PSYchology

What does it take to win a child’s love? Culturologist Vladimir Paperny is sure: first of all, attention, generosity and firmness are needed. He wrote a column about it, and psychologist Arina Lipkina gave some practical advice.

In my long and messy life, including three marriages and two divorces, I have had to deal with many children — even more with strangers than with my own. Now that all these children have grown up, I would like to share some observations.

It seems to me that love (as, indeed, hate) of a child is very easy to achieve. No matter how insulting it sounds, the principles here are about the same as when raising puppies. Experiments show that puppies who are only punished hate their owners. Most of all, puppies love those who punish them and encourage them.

It’s easy with hate. Coldness and cruelty will immediately lead to the expected result, which is vividly shown in Bergman’s film Fanny and Alexander. With love it’s harder. For a child to love us, three things are needed: attention, generosity and firmness.

Attention is an interest in the world of the child, a willingness to look at things through his eyes, respect for his hobbies.

Generosity is when we are ready to overcome fatigue and headache after a hard day and sit down to play with the child in his favorite game.

Firmness is a strict adherence to the rules that we have established.

Violation of the rules destroys the picture of the world and brings chaos into the mind of the child

Children love rules because they help them navigate the world. Violation of the rules destroys the picture of the world and brings chaos into the mind of the child.

For example, we said something like: “We bought your favorite treat, but you will only get it if you fulfill such and such a condition.” The condition is not met, we say: «It’s too bad that you didn’t meet my condition, but I’ll give you your treat anyway, because I love you.»

Perhaps by this act we expect to win the favor of the child, roughly speaking, to “buy” his love, but we achieve the exact opposite: we undermine his trust in our words and cease to be an authority for him. And love without respect won’t last long.

Imagine that you have won the love of a child — does this mean that you can relax? No, because children grow fast, change and need a new form of attention at every stage. It is especially difficult to keep their love at a critical age.

If this is not your own child, the difficulties increase. Some attribute this to the «voice of blood.» I think it’s something else. In adolescence, you want to question everything, so it’s easy to imagine a child’s train of thought: “My stepfather (stepmother) seems to love me, but maybe this is just a pretense?”

The recipe remains the same, but much more attention, generosity and firmness will be required at this age.

Practical advice

Attention, generosity and firmness are important components of interaction with a child, and in order for the connection to be strong, and the relationship to be loving, one cannot do without interest and trust.

“In games, adhere not to discipline and order, but to safety for the child”

Arina Lipkina, psychologist:

When interacting with children, it is important not to physically distance yourself.

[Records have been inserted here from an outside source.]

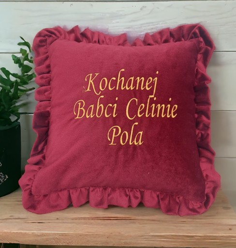 Poduszka może zawierać dowolny napis np Kochanej Mamie, Kochanej Babci ( do pięciu słów cena poduszki nie zmienia się)
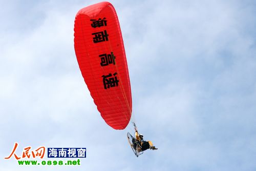 21日上午8點左右,經過一天的休整,2011環海南島飛行拉力賽東方段在東方市邊貿城正式開幕。比起前幾日的大風天氣,今天的風速明顯減弱,在海口未能與廣大市民和游客見面的熱氣球、動力傘、動力三角翼今天也終于如愿升空,在東方的碧海藍天間盡情的翱翔。大批東方市民趕到現場,一幕幕精彩的飛行表演引得現場尖叫連連、掌聲不斷。
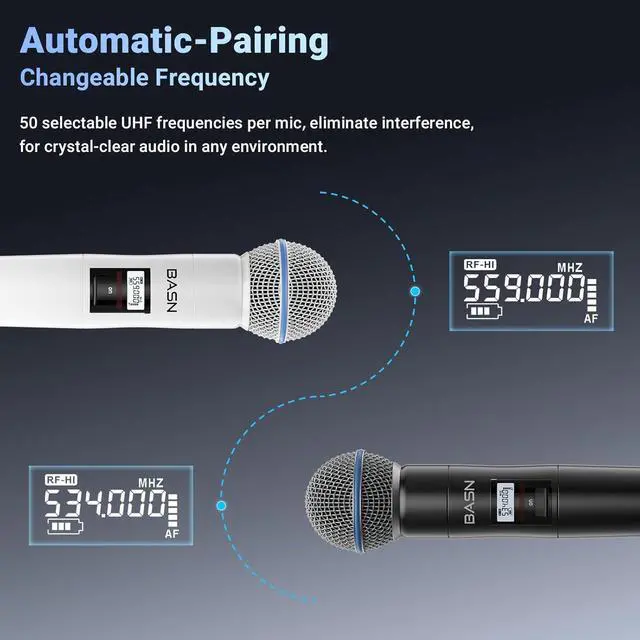 : The basn metal handheld microphone set is with advanced UHF transmission and anti-interference technology, the signal is ultra-stable. It has 50 selectable frequencies per UHF mic and operating distance is up to 328 ft(100 m) in open areas
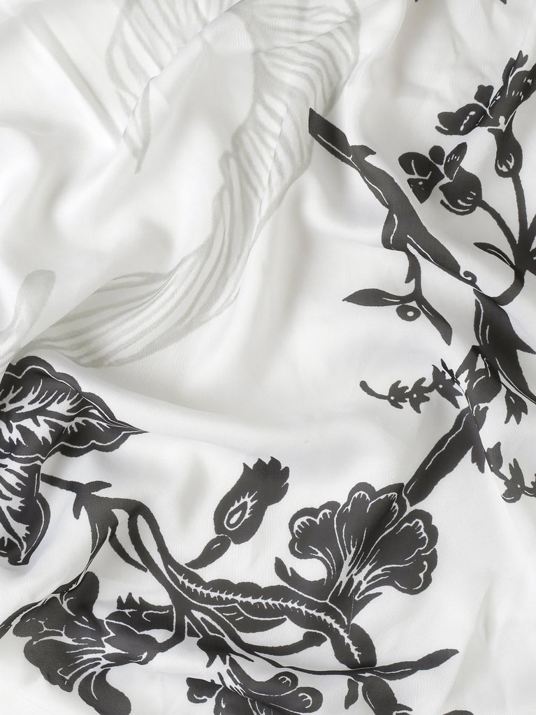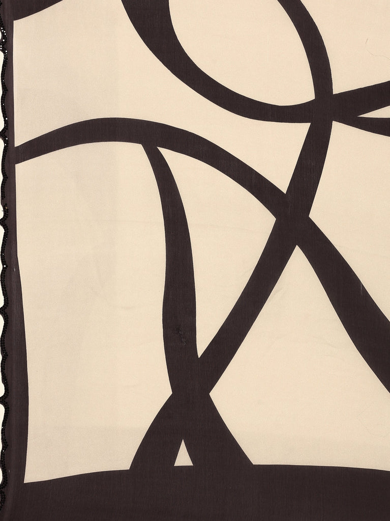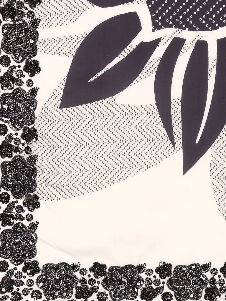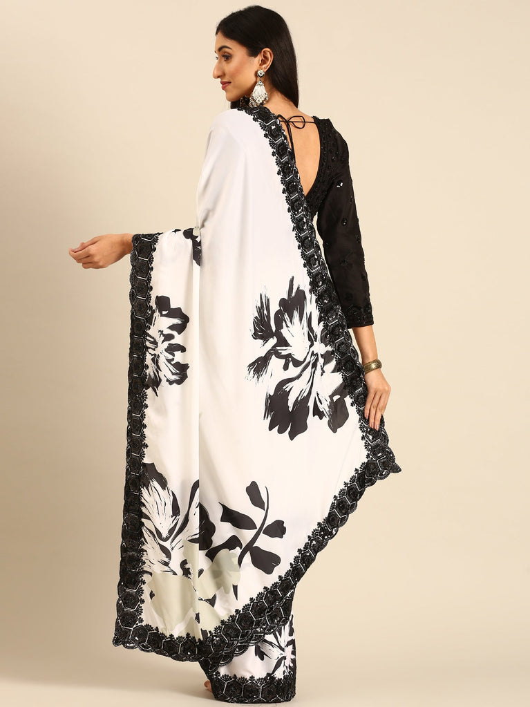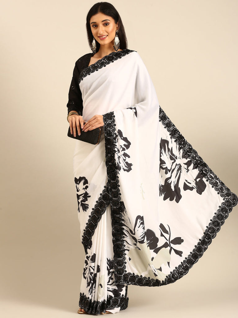 Black & white satin printed saree with hand embroidery & ready made blouse
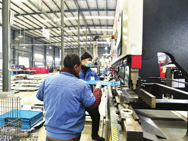 1月3日,在位于安州區(qū)的綿陽市攀豐智能制造有限公司生產(chǎn)車間里,機器轟鳴,一片忙碌景象。鈑金機、折邊機不斷將一塊塊鋼板制作成各種部件,工人們忙著組裝鐵皮柜、表面處理、裝填零件。
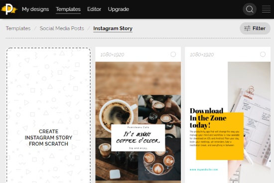 PixTeller is another free website to create animated Instagram video stories. On this website, you can design the animated from scratch or use the templates. To create an animated story, you can follow the steps mentioned below.
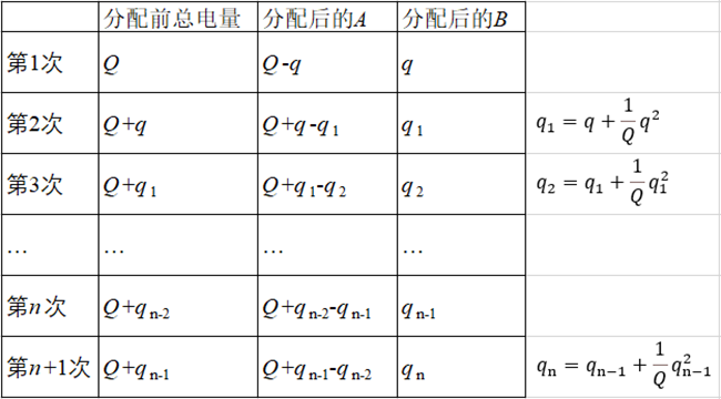 这样,我们如果能够得到qn的通项,令其通项中相邻的两项相等,则可解出项数n,这个n的意思,就是对应这样的操作:A、B两球在那碰啊碰啊碰,但是电荷不再重新分配了,而此时从表格最后一行第3列上可以看到,A上的电量就是Q。
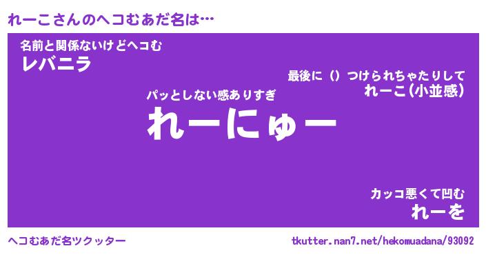 | 意味不明あだ名 | 『ペロリンれーこ』『れーこフォーエバー』 |
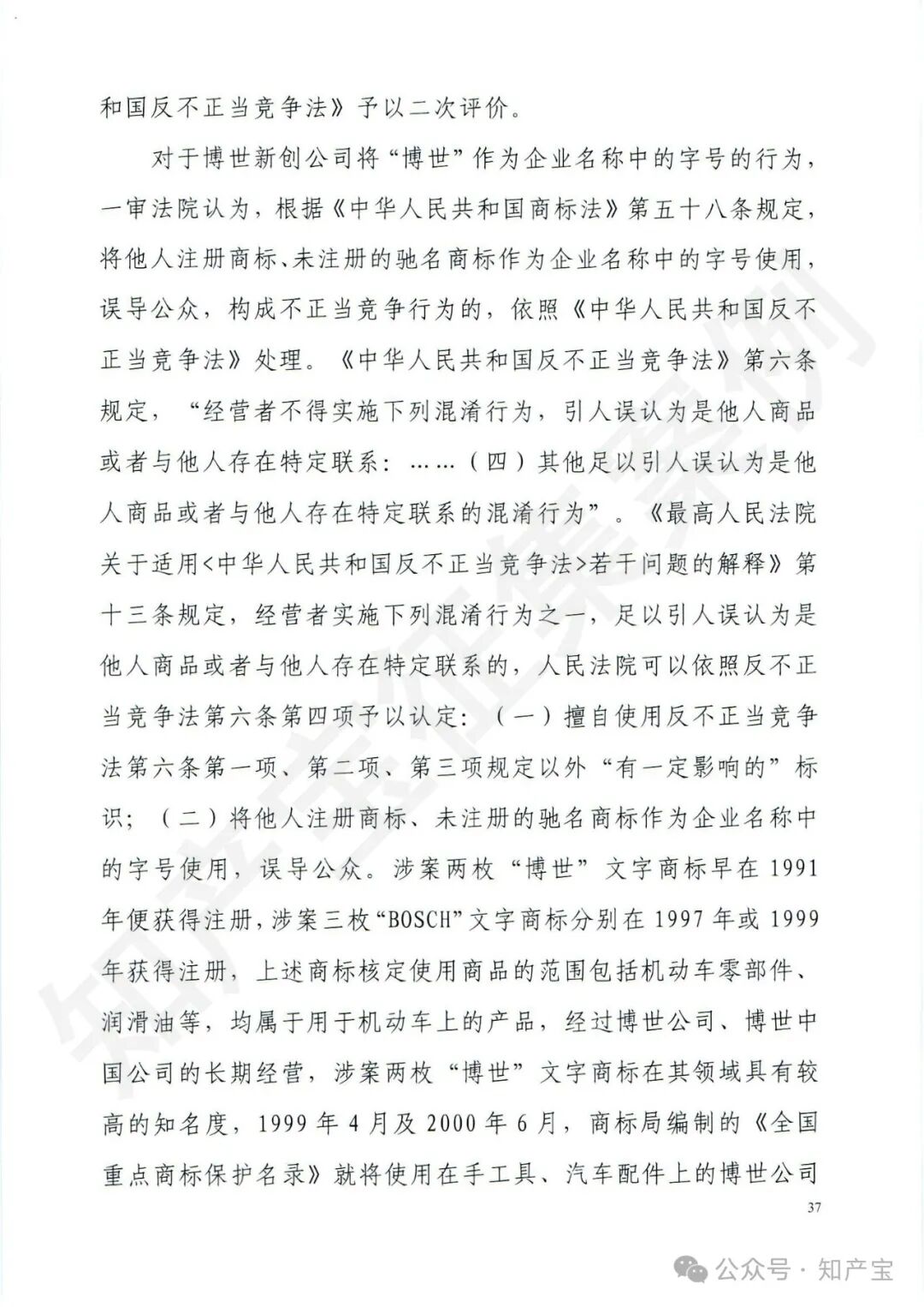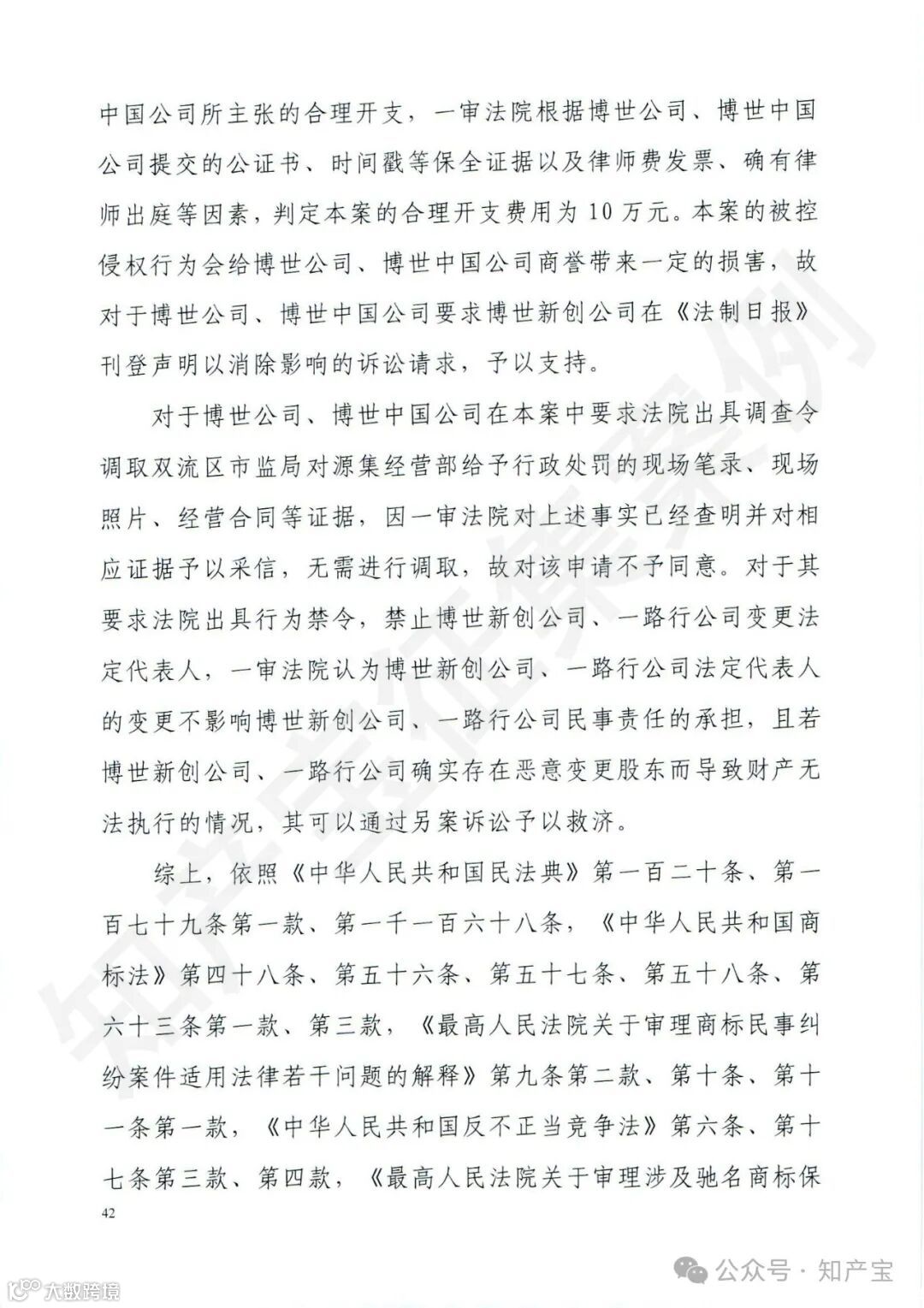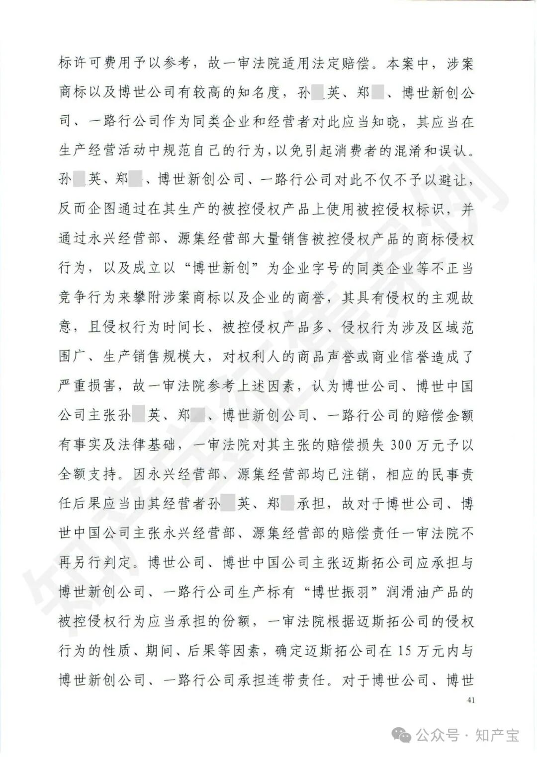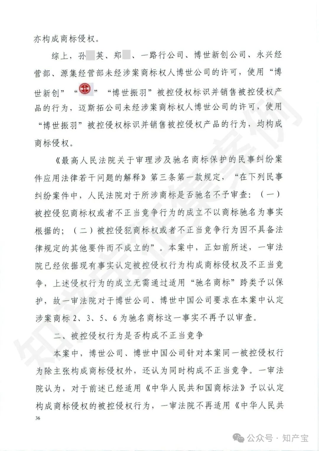 | 一审裁判结果 | 一、自判决生效之日起,博世新创公司、一路行公司、郑*、孙*英立即停止在其生产的产品以及在招商手册上使用侵害博世公司、博世中国公司第 G686280号“BOSCH”、第 959140号“BOSCH”、第1329333号“BOSCH”、第G686281号 547473号 、第548613号 注册商标专用权的行为,以及停止在产品上使用“德国博世新创国际集团控股科技有限公司”“四川博世新创贸易有限公司”的字样,同时停止销售上述侵权产品;二、自判决生效之日起十五日内,博世新创公司、一路行公司、孙*英、郑*共同赔偿博世公司、博世中国公司经济损失300万元,迈斯拓公司对前述赔偿金额在15万元范围内承担连带责任; 三、自判决生效之日起十五日内,博世新创公司、一路行公司、孙*英、郑*向博世公司、博世中国公司支付本案合理开支费用 10万元; 四、自判决生效之日起,博世新创公司立即停止使用含有“博世”字样的企业名称; 五、自判决生效之日起十五日内,博世新创公司在《法制日报》上刊登声明以消除影响(内容需经一审法院审核);若博世新创公司逾期不履行,博世公司、博世中国公司可以申请一审法院刊登判决的主要内容,费用由博世新创公司承担; 六、驳回博世公司、博世中国公司的其他诉讼请求。 |
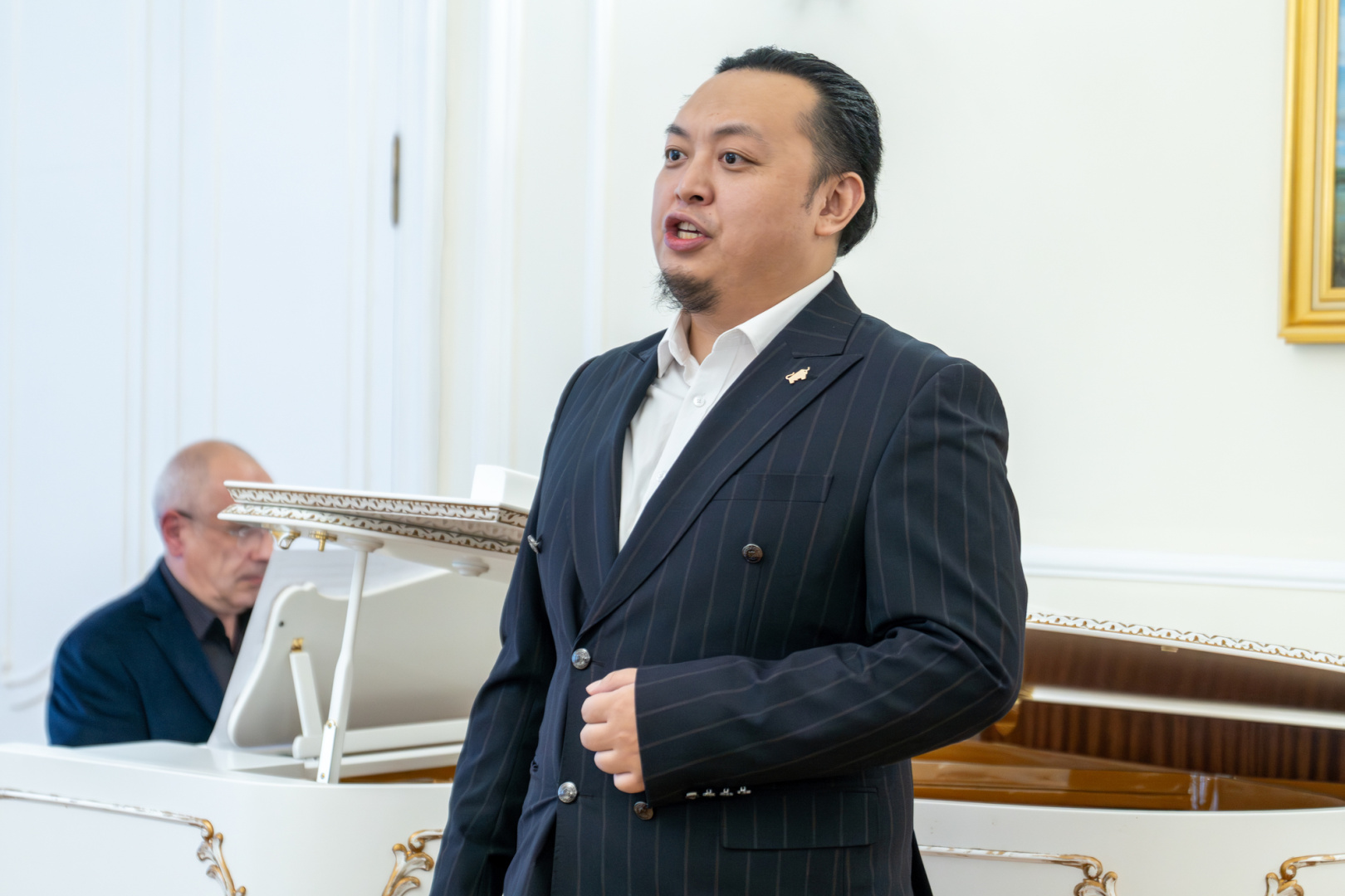 На церемонии выпускница Ольга Черкашина исполнила «Фантазию» си минор Александра Скрябина. Кроме того, прозвучал романс «Жди меня» из оперы «А зори здесь тихие» Кирилла Молчанова в интерпретации Ван Юе и куплеты «Если б милые девицы...» из оперы «Пиковая Дама» Петра Чайковского в исполнении Жэнь Яньмина. Партию фортепиано исполнил заслуженный артист Республики Северная Осетия ‒ Алания;Анатолий Кузнецов.
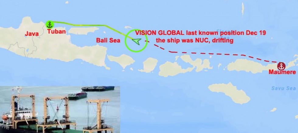 Genel kargo gemisi VISION GLOBAL, Endonezya'nın Bali adasının kuzeyindeki Bali denizinde 19 Aralık'tan bu yana battı veya batıyor. 13 mürettebatın can salında olduğu, 8'inin kayıp olduğu bildirildi. Gemi Java'nın kuzeyindeki Tuban limanından Flores adasındaki Maumere'ye doğru yol almaktaydı ve 20 Aralık'ta tehlike sinyali verdi. Gemi 18 Aralık sonundan beri seyir halinde değildi, sürükleniyordu, AIS 19 Aralık'tan beri kapalı, son AIS konumu tehlike koordinatlarıyla çakışıyor. Kurtarma gemisi 21 Aralık saat 1000 itibariyle bölgedeydi. Felaketin nedeni bilinmiyor.
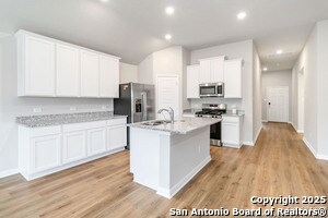 Welcome to 5206 Halite Valley, your new rental home in the vibrant community of Blue Ridge Ranch! This beautifully designed 3-bedroom, 2-bathroom single-story home offers 1,687 sq. ft. of modern living space with an open-concept layout perfect for both everyday comfort and entertaining. Step inside to a bright and airy interior featuring a spacious living and dining area that flows seamlessly into the chef-inspired kitchen with sleek countertops, stainless steel appliances, and plenty of storage. The primary suite is a relaxing retreat with a well-appointed bathroom and walk-in closet, while the additional bedrooms and study/office provide versatile options for work or relaxation. Enjoy lower utility costs with solar panels, designed to significantly reduce your monthly electric bill-a huge benefit in the Texas heat. The backyard is complete with a covered patio, ideal for sipping morning coffee or hosting weekend barbecues. Located in a sought-after community, this home offers quick access to major highways, top-rated schools, shopping, dining, and outdoor recreation. Whether you're heading downtown for a night out or enjoying one of San Antonio's many nearby parks, you'll love the convenience of this location. Additional features renters will love: Attached 2-car garage Energy-efficient design Low-maintenance yard Pet-friendly options available (inquire for details) Don't miss the chance to call this modern and energy-smart home yours-schedule a tour today!
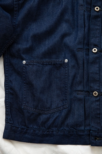 採用した生地は、トラッドな雰囲気の中にモダンな要素を取り入れたキュプラとウールをブレンドした8オンスデニム。

Sit or lie down on the carpet to be at the same level with the child. Learn to relax, leave adult worries and worries for a while: children are very sensitive to the state of their parents.

  1. Let children run, jump, throw things in the play space, experiment.
  2. In games, adhere not to discipline and order, but to safety for the child. If safety rules are followed, allow the child to be a dreamer and fool around yourself.
  3. Listen to the child, look into his eyes. Children, like adults, need to feel appreciated and heard. Children’s interests, games and activities may seem primitive, insignificant, but for the child himself this is incredibly important. Take your child’s activities and conversations seriously.
  4. Be patient. The child is not like you. He can ask the same question a hundred times, rush from one game to another, switch quickly, be sloppy, get himself dirty and dirty you, accidentally hit. Do not get irritated, do not get angry, accustom yourself to patient reactions to mischief and pranks.
  5. Do not forget to praise the child even for the most insignificant things, small achievements and successes.

If you have to win the love of a teenager, you need to take into account his characteristics in communication. If your teen is reticent, invite them to go to the movies, to the skating rink, or to any activity that interests them. This will become an important experience of sharing pleasure and will provide new opportunities to talk.

If a teenager responds to an attempt to communicate, ask him questions about him and his life, plans, worries, offer help: take him somewhere, find information, resolve the conflict. Take any problems seriously. If the child does not make contact, do not insist, gently try again later.